A coisa está avançando a um ritmo muito mais rápido do que o inicialmente imaginado. Eis alguns trechos de uma notícia de hoje, dia 12 de abril de 2021:

O presidente do Banco Central, Roberto Campos Neto, disse, nesta segunda-feira (12/04), que o projeto de emitir uma moeda digital no Brasil está avançando bastante e terá novidades em breve. Porém, pediu mais cooperação dos bancos centrais em relação ao assunto, para que haja características comuns entre as diversas moedas digitais que estão em desenvolvimento pelo mundo.

Em reunião de banqueiros centrais ibero-americanos, Campos Neto disse que algumas das principais questões que precisam ser respondidas é se essas moedas terão remuneração, se os bancos centrais terão monopólio na sua emissão e custódia, se ela será rastreável e qual será a tecnologia adotada.

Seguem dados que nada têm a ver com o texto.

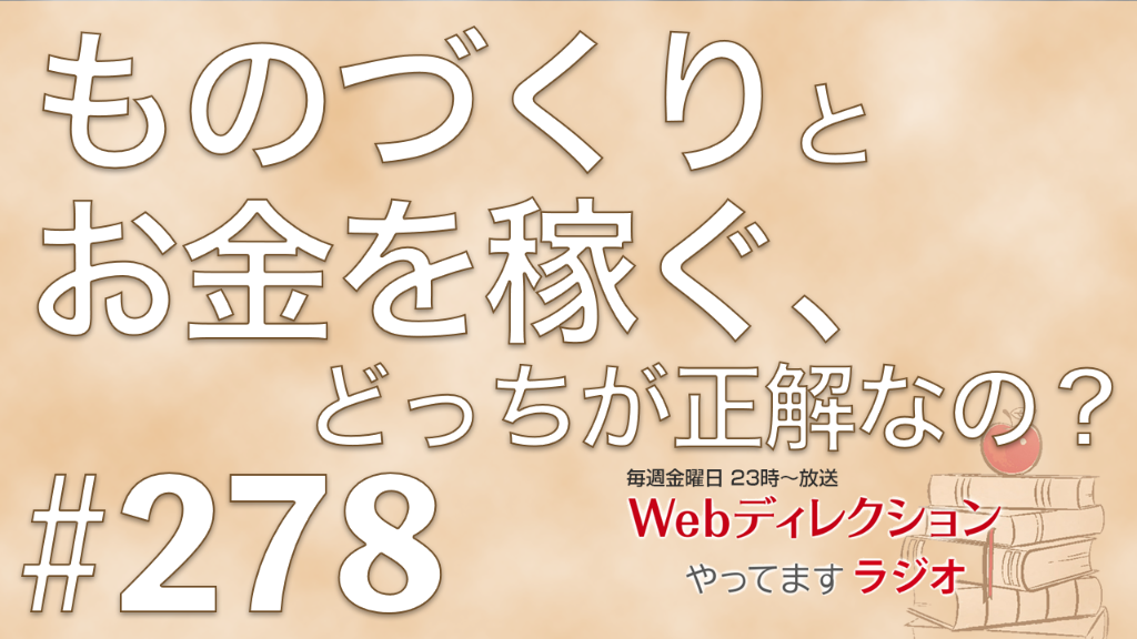 Webディレクションやってますラジオ#278 「忙しいだけで日々、「成長の時間」を取りたい」「「ものづくりVSお金を稼ぐ」はどう捉える?」「大きなひよこを探していました」

“Lançamos um projeto de lei para mudar as características da moeda real. O primeiro é a simplificação da moeda; depois, a internalização e a conversibilidade; e a terceira fase é a de digitalização. Estamos avançando muito no processo de moeda digital e deveremos ter notícias em breve”, disse Campos Neto, sem detalhar.

Ou seja, agora não é mais uma questão de “se”, mas de “quando”. A desídia do atual Banco Central brasileiro para com a moeda apenas torna ainda mais explícita a intenção de uma rápida adoção deste arranjo. Com isso, o artigo abaixo, publicado originalmente em outubro de 2020 — quando o Bitcoin ainda custava “apenas” R$ 77 mil (hoje já está em R$ 343 mil) —, fica ainda mais atual.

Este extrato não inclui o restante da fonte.